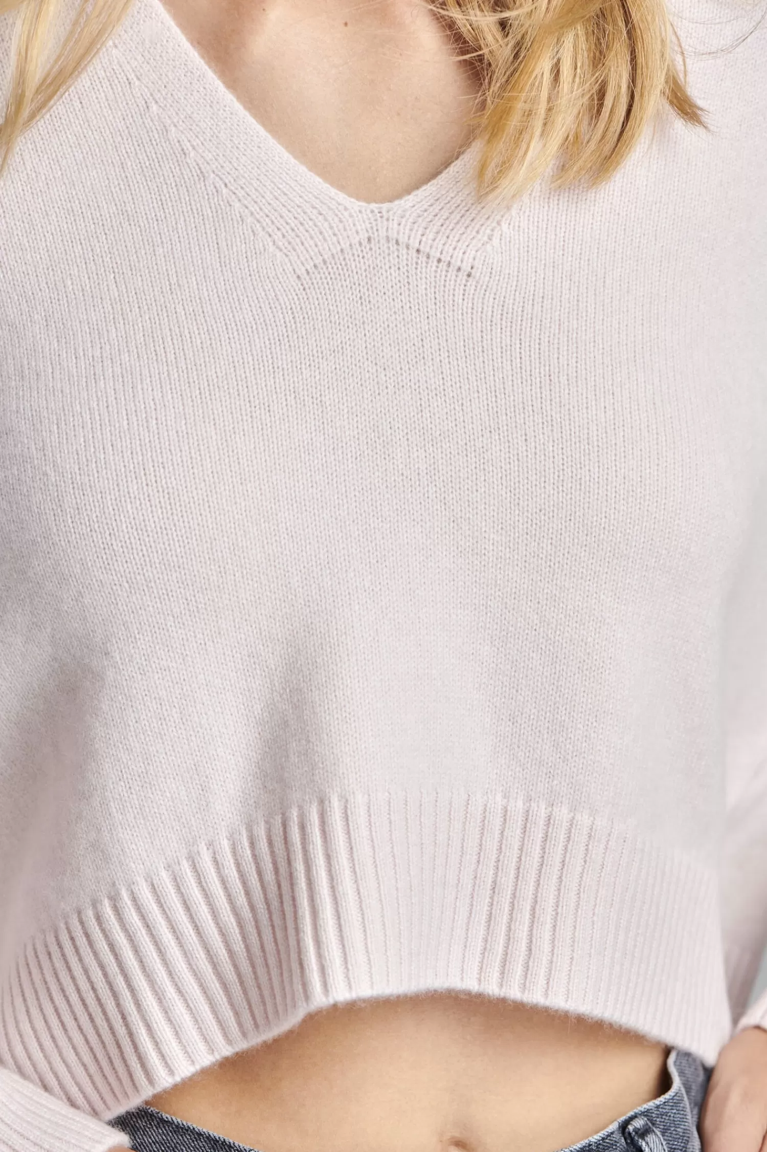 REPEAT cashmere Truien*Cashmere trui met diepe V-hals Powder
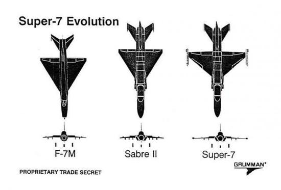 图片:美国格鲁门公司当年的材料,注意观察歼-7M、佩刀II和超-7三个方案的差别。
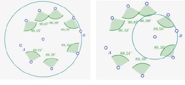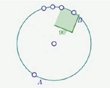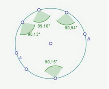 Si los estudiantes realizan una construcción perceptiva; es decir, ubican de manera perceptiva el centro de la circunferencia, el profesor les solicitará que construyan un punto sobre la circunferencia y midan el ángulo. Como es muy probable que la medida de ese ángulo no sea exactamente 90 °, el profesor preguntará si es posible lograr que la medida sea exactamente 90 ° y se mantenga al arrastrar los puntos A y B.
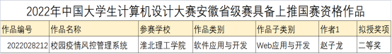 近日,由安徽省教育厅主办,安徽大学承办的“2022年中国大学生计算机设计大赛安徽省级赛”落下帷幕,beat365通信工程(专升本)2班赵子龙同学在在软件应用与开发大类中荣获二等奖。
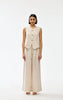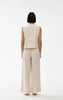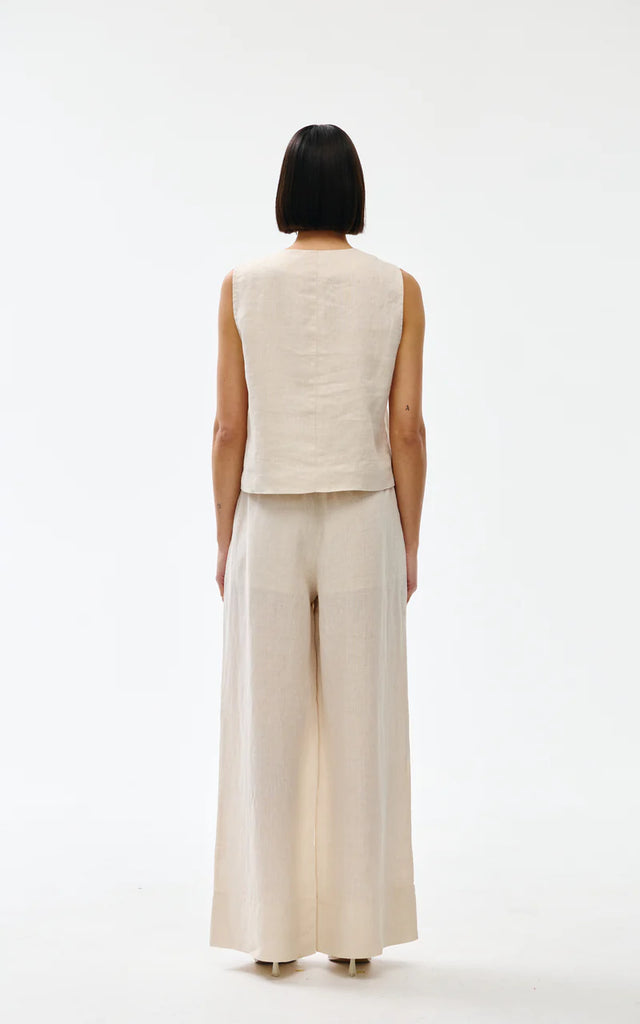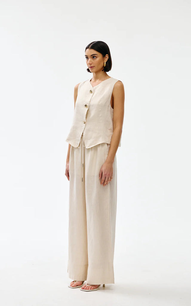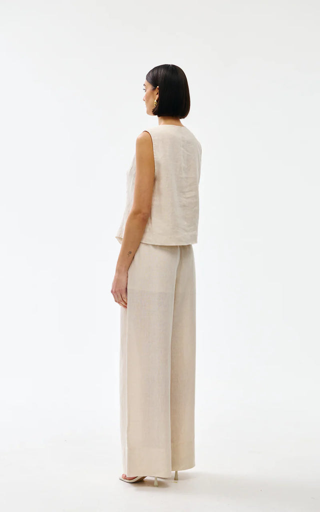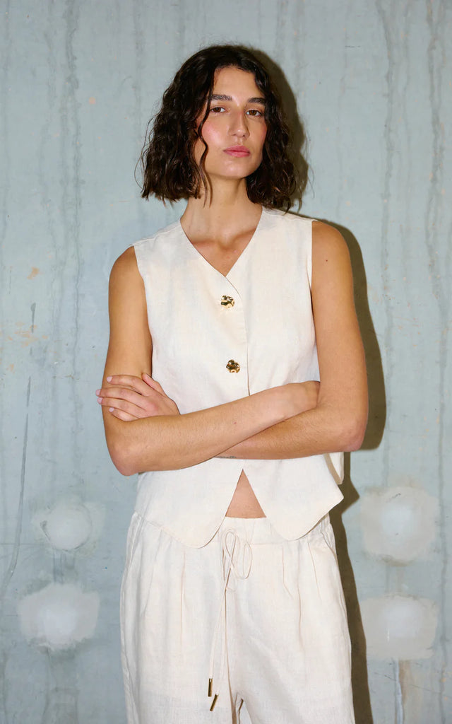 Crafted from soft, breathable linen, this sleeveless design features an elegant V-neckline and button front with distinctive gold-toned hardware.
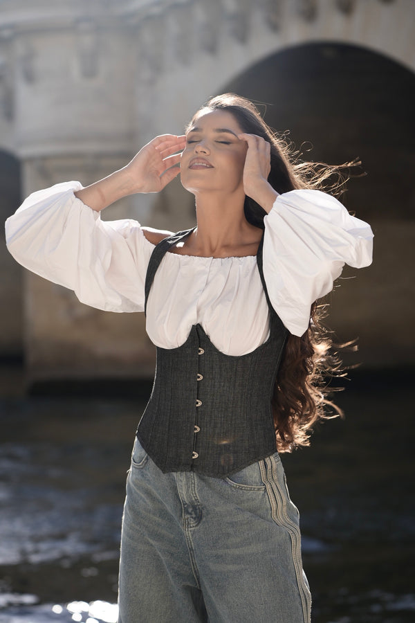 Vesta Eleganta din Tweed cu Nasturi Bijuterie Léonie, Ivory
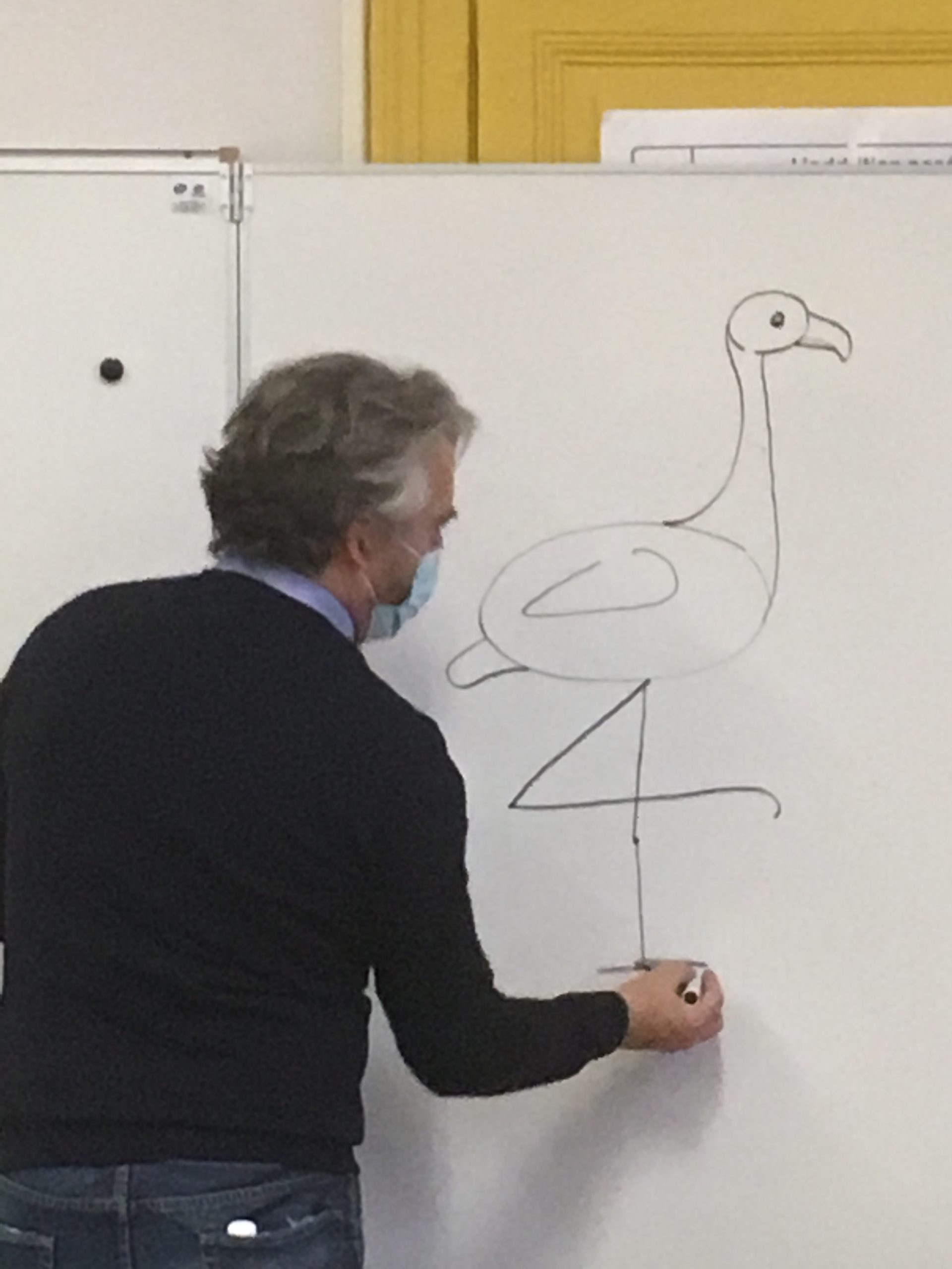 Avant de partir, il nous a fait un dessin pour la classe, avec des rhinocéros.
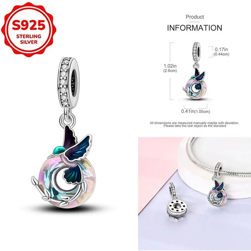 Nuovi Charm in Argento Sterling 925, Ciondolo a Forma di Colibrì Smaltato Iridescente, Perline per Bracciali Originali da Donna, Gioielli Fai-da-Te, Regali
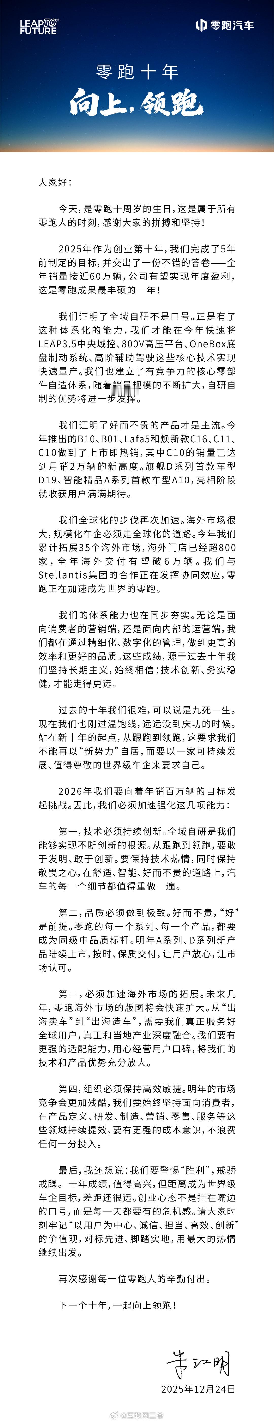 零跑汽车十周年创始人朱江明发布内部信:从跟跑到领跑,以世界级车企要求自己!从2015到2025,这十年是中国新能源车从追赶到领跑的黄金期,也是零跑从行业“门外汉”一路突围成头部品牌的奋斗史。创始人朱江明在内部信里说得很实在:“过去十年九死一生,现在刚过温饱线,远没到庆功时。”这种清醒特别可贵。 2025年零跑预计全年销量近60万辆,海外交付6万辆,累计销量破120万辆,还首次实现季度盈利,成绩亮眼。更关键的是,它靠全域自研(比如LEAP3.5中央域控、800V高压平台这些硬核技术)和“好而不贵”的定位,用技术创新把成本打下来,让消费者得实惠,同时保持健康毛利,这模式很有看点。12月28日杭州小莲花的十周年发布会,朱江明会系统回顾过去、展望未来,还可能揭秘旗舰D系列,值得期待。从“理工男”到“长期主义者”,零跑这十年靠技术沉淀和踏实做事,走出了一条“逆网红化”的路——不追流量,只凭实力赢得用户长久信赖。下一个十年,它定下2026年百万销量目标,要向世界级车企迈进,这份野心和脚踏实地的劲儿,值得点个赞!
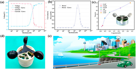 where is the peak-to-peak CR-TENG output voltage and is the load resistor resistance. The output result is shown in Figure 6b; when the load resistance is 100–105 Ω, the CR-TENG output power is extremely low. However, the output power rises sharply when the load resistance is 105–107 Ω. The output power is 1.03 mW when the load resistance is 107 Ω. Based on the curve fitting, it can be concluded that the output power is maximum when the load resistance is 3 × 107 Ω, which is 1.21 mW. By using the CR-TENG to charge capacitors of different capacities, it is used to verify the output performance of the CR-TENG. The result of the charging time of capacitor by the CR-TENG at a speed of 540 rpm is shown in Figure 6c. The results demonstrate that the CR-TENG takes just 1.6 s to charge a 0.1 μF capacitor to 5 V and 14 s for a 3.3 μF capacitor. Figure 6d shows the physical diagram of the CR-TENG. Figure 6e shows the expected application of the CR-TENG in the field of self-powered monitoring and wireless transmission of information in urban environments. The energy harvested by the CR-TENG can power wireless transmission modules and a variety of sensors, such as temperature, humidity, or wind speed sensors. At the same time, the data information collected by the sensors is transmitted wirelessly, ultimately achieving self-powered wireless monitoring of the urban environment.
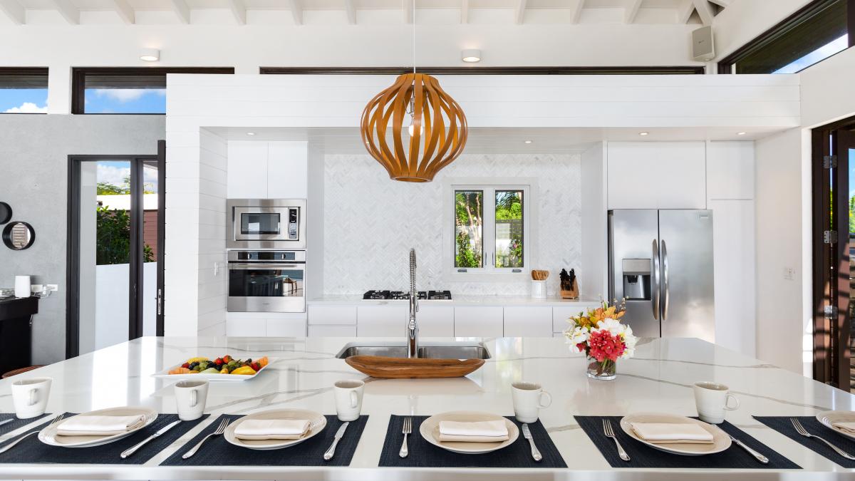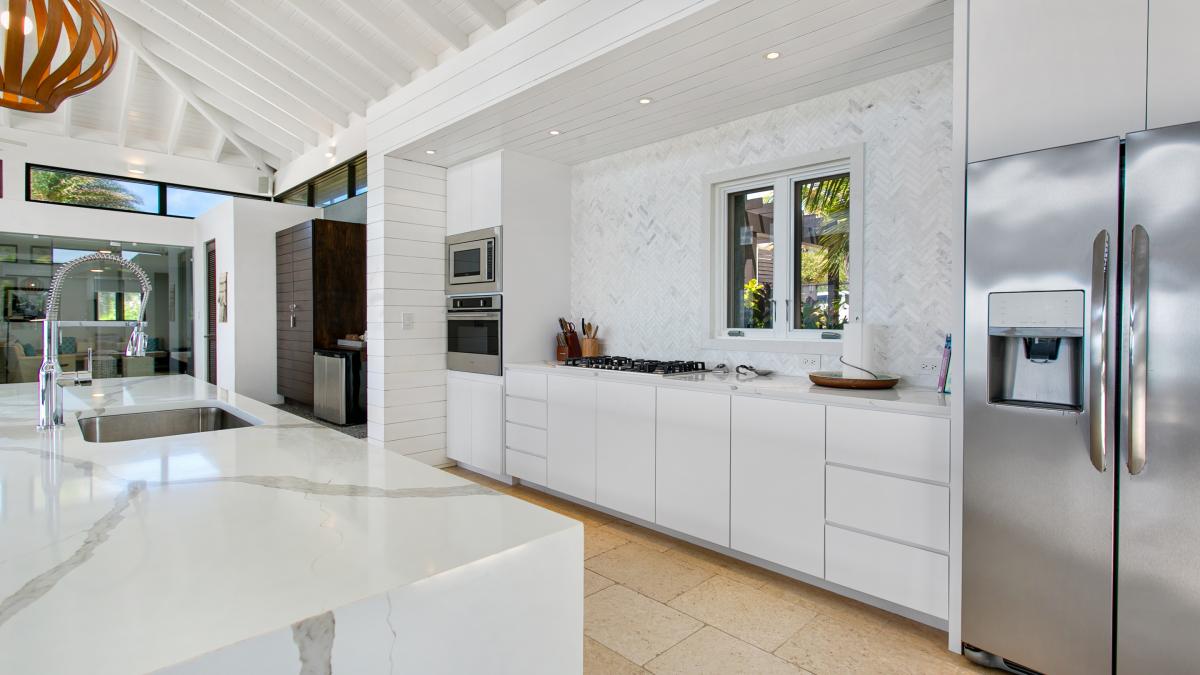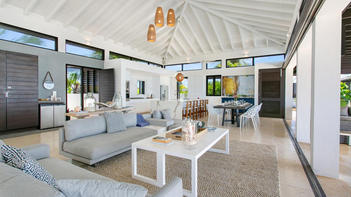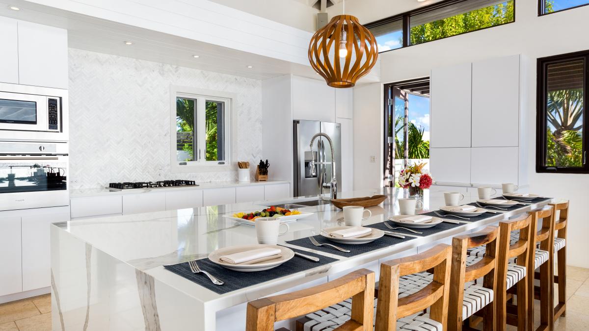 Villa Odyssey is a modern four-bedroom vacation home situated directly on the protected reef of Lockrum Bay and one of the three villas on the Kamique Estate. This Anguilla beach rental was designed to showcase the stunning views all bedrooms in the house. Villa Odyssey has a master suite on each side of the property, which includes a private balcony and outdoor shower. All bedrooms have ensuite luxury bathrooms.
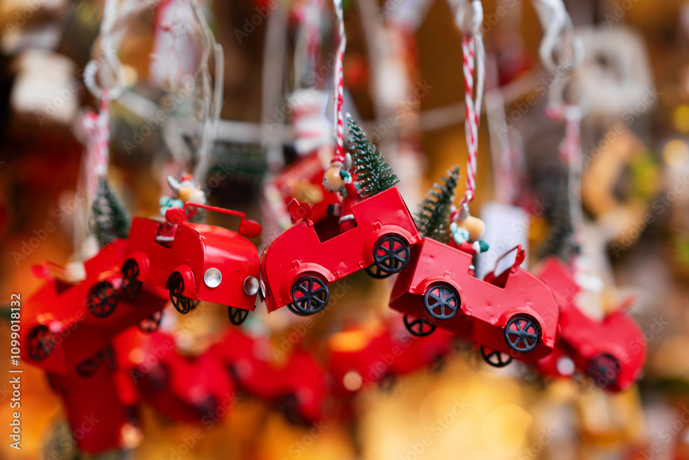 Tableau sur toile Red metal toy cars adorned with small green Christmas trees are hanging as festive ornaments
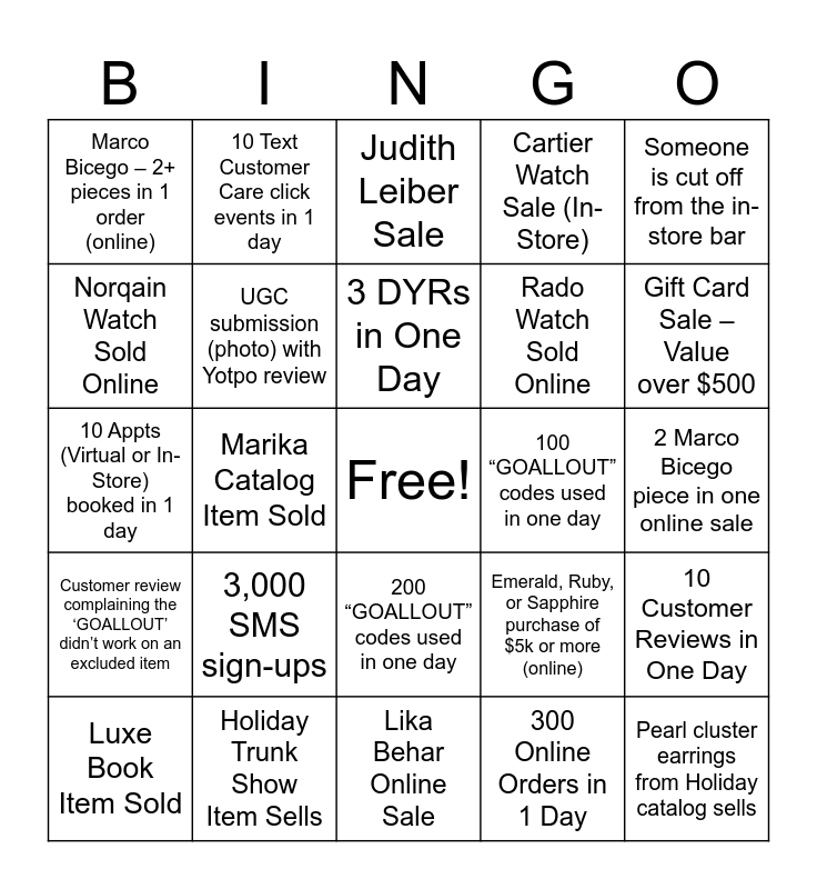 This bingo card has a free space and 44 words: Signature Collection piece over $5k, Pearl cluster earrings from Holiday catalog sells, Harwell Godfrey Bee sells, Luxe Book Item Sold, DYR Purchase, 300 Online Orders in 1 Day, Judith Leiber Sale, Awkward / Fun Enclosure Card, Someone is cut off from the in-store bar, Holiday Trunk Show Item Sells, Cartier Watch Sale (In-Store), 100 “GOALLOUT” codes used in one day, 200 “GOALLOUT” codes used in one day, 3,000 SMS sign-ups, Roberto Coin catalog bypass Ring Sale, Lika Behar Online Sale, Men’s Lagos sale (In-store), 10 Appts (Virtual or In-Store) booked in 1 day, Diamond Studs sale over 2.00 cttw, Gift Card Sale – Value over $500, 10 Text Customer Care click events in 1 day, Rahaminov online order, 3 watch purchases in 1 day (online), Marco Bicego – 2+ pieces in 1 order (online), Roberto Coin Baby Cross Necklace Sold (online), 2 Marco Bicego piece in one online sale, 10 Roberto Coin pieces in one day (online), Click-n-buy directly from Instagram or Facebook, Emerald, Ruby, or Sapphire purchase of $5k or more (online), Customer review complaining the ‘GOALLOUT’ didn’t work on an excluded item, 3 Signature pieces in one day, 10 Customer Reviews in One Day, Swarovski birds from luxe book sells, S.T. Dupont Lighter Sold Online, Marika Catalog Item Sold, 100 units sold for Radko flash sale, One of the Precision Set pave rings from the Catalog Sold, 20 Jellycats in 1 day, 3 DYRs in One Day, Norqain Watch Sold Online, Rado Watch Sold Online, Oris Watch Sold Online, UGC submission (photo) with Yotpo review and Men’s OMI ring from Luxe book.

********

### WHAT YOU HAVE TO DO:
Print the material above word for word, first line through the line with "图片:美国格鲁门公司当年的材", and leave every picture out.

### THE ANSWER:
 REPEAT cashmere Truien*Cashmere trui met diepe V-hals Powder
 图片:美国格鲁门公司当年的材料,注意观察歼-7M、佩刀II和超-7三个方案的差别。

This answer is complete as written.